The suit is brought by the plaintiff against the defendant under reissued letters patent No. 15,824, dated April 29, 1924, issued to Seward- Homer Calkins, and assigned to the plaintiff, the Traitel Marble Company, for improvements in pattern and guide strips. The bill of complaint alleges infringement by the defendant and asks for an injunction and accounting.
The answer denies infringement, and denies that said Calkins was the first and sole inventor of the alleged improvements in said reissued letters patent, and, as an affirmative defense, defendant’s answer alleges that the said original letters patent were, in the Southern district of New York, held to be invalid for anticipation by the prior art in suits brought by the plaintiff herein against Lords De Paoli, Arthur Avon, and Prank L. Davis, respectively, and that, by reason of said original letters patent No. 1,371,857 having been adjudicated to be invalid and void for anticipation by the prior art, a reissue does not and cannot confer validity. And, as a further defense, defendant alleges *496that the substantial and material parts of said alleged improvement was shown and described in various specified letters patent of the United States and foreign countries before the date of the alleged invention, and known to and used in public and placed on sale in the United States by the patentees thereof, and their assigns, for more than two years prior to the date of the filing of the application for the original letters patent.
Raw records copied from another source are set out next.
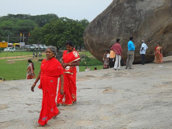 Сари — женская одежда на Индийском субконтиненте[22]. Сари — это длинное полотно несшитой ткани, длина которой может быть 4-9 м, что позволяет окутывать всё тело в любом стиле. Существуют различные традиционные типы сари: самбалпури-сари (sambalpuri saree) из Восточной Индии, канчипурам из Южной Индии, пайтхани (paithani) из Западной Индии и банараси-сари (banarasi saris) из Северной Индии[23]. Общим для всех сари стилем является обмотка вокруг талии, после чего одним концом покрывается плечо[22]. Сари обычно носится поверх нижней юбки. Кофточка может быть с низким вырезом или быть форме блузки с бретельками. Существует много сари с большим количеством украшений, такие как вышивка и зеркальца. Такие сари надевают по особому случаю. Женщины, служащие в вооружённых силах Индии, носят униформу «сари», где рубашку с короткими рукавами заворачивают у талии. Девочки-подростки носят полусари, которое состоит из ланги, чоли и палантина, окутывающий подобно сари. Взрослые женщины обычно носят полное сари.
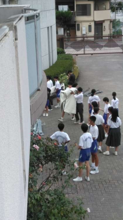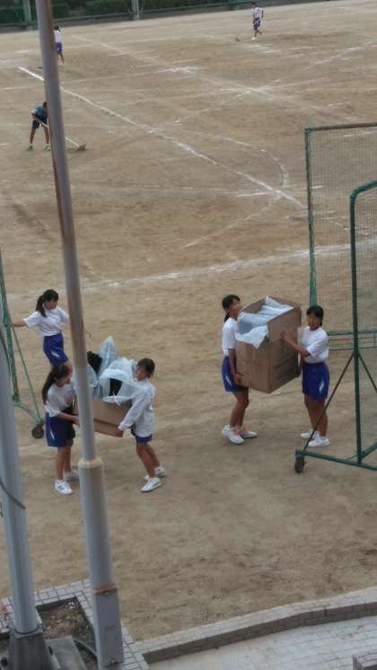 明日の体育大会予行のため、係生徒の皆さんが自分の役割りに、責任感を持って取り組んでいます。ご苦労様です。
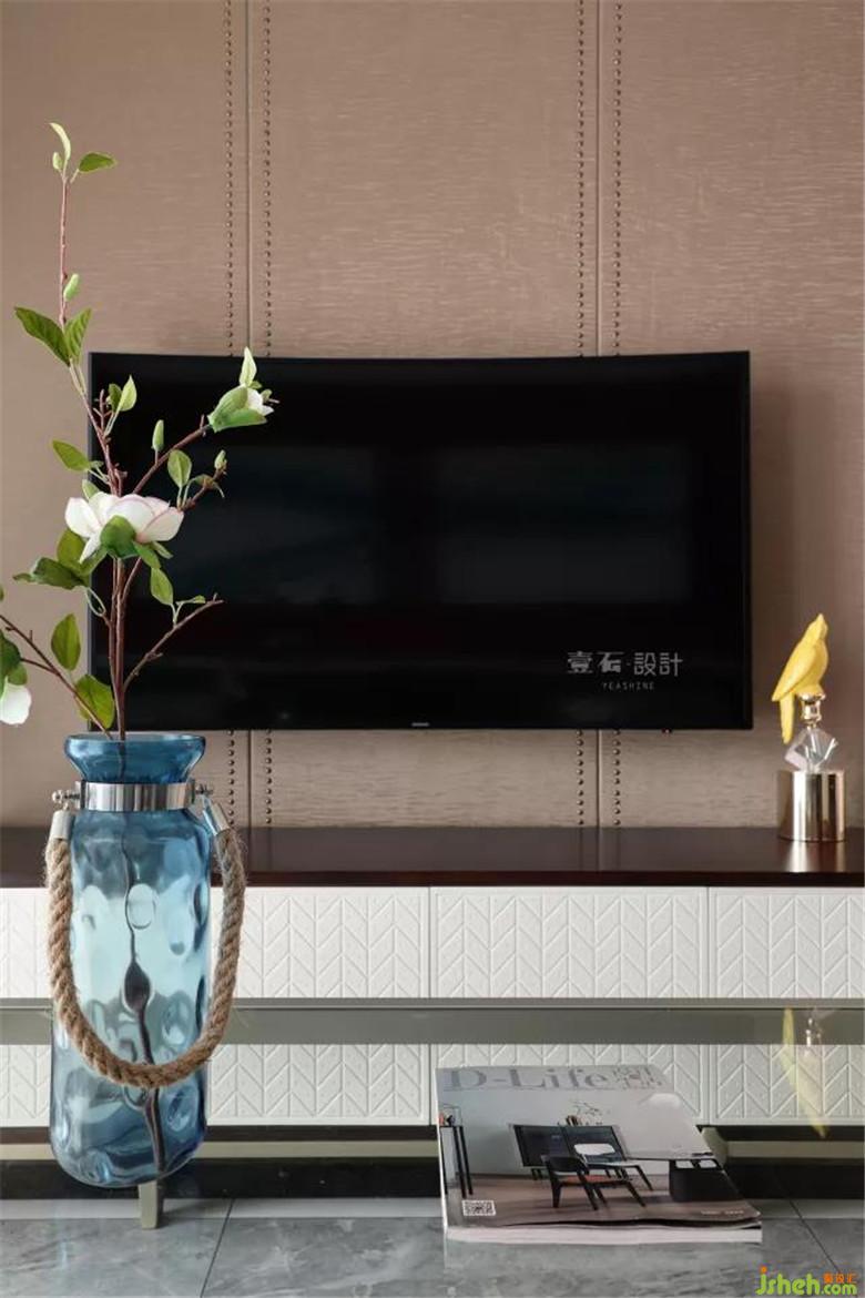 电视背景墙,装修公司选用了质感较好的硬包加金色铆钉。
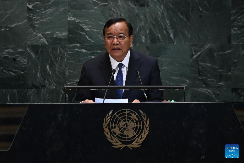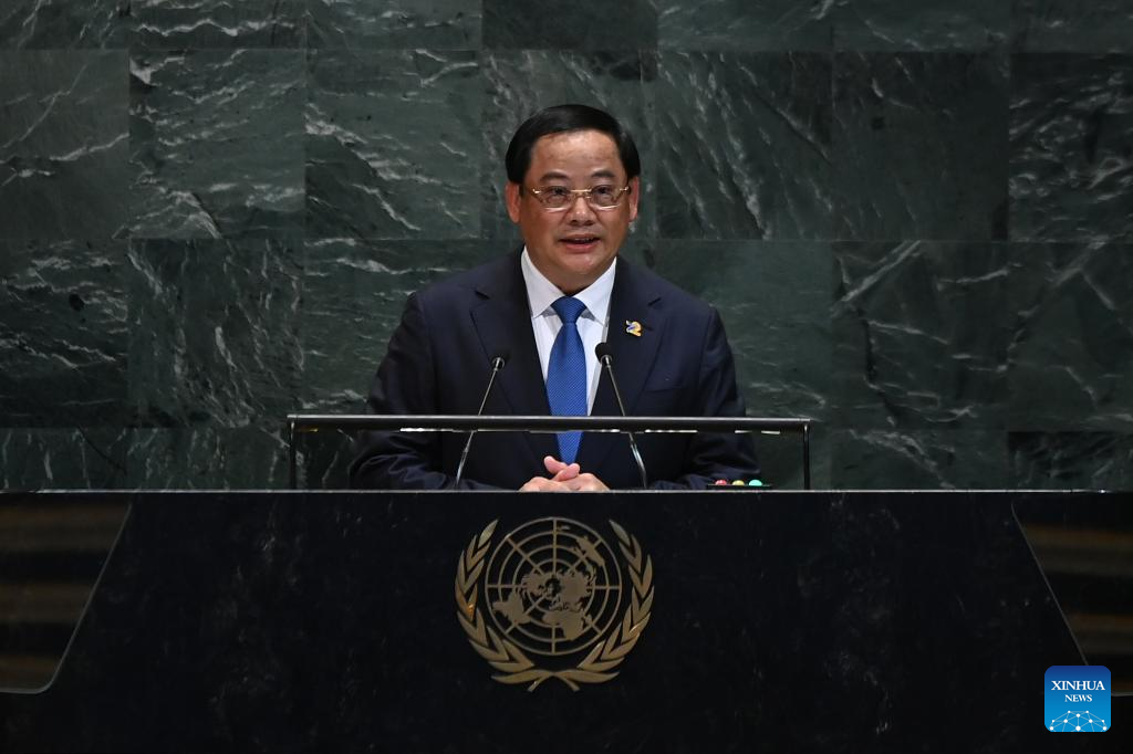 Lao Prime Minister Sonexay Siphandone delivers a speech during the General Debate of the 80th session of the United Nations General Assembly (UNGA) at the UN headquarters in New York on Sept. 27, 2025. (Xinhua/Li Rui)
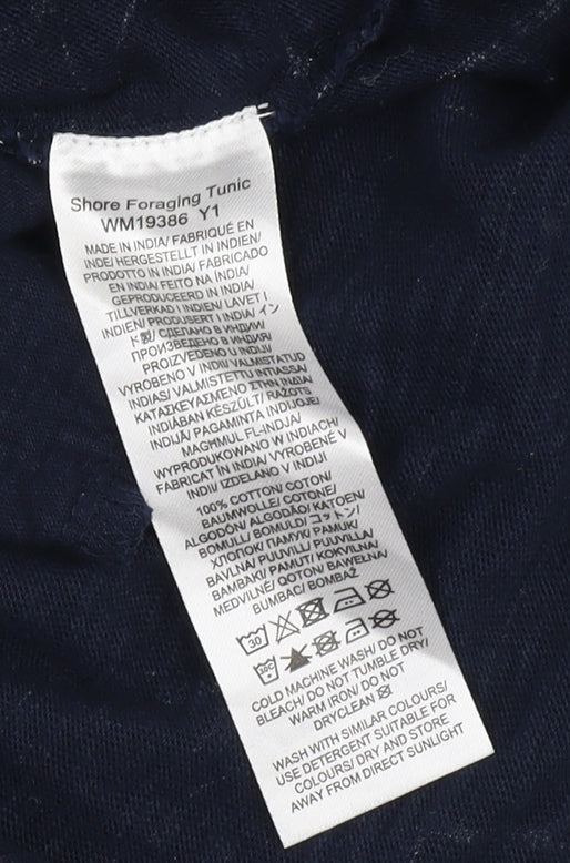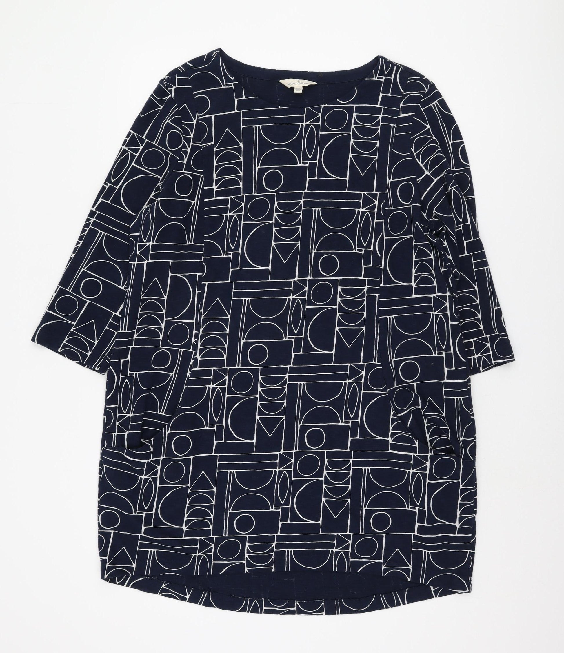 Elevate your casual wardrobe with this stylish women's tunic from Seasalt Cornwall. Designed in a vibrant blue colour with a striking geometric pattern, this tunic embodies both comfort and fashion. Crafted from 100% cotton, the fabric is breathable and soft, making it ideal for any season. The boat neckline and 3/4 sleeves add a classic touch to the tunic style, ensuring versatility and ease of wear. With a regular fit, this tunic provides a comfortable yet flattering silhouette for those relaxed days out. Perfect for casual occasions, this tunic pairs effortlessly with leggings or jeans. The pullover closure further enhances its simplicity and convenience, making it an easy choice for everyday wear. Enjoy the comfort of machine washable fabric, promising easy care and maintenance. In excellent condition, this tunic shows no visible signs of wear or damage. Whether you're heading out for a coffee catch-up or enjoying a leisurely day at home, this Seasalt Cornwall tunic is your new go-to piece. Refresh your collection with this chic and cosy attire.

The pattern or guide strips, which are the subject-matter of plaintiff’s alleged invention, are used in connection with the laying of terrazzo flooring and kindred industries, such as marble, mosaic, and tile work. It appears from the record in the eases of Traitel Marble Company v. Louis De Paoli, Same v. Arthur Avon, and Same v. Frank L. Davis, tried together, which has been offered and received in evidence, and from the opinion of Judge Bodine, and the decree, that Judge Bodine, sitting in the District Court for the Southern District of New York, rendered a decision in which he held that there was no invention disclosed in the original patent, and accordingly dismissed plaintiff’s, the Traitel Marble Company’s, bill of complaint. After discussing the original patent, No. 1,371,857, and its claims, and making comparisons with "claims in other patents, Judge Bodine states at the end of his opinion (unreported decision of Judge Bodine of May 1, 1923):
“The foregoing is the refutation of the assertion that the McKnight disclosure is not an anticipation of everything disclosed by the plaintiff. A further cumulative reference to the prior patents seems unnecessary. The defendants may have a decree accordingly.”
Judge Bodine’s adjudication was that there was no invention disclosed in the original patent; it was not that its claims were too broad. No appeal was taken from his decision, and it seems to me must be regarded as the law in this district that there was no invention disclosed in the original patent.
The reissue patent, No. 15,824, cannot broaden or add something that was not included in the original patent. Section 4916, United States Revised Statutes (Comp. St. § 9461), which permits reissues, allows a patentee to limit the claims of the patent, or to correct any defect or error which occurred from inadvertence, accident, or mistake, but does not permit the injection of new subject matter into the patent. Therefore,' if the original patent was invalid for the lack of the disclosure of invention, it follows that reissue patents would continue to be invalid.
It seems to me that the case at bar comes within the reasoning of Penn Electrical & Mfg. Co. v. Conroy (C. C. A.) 185 F. 511. Plaintiff’s counsel has submitted several proposed findings of fact. In this circuit, it is not customary to make findings of fact. Moreover, in view of the above, it is unnecessary to do so in this case.
A decree may be entered, dismissing the bill in accordance with the above.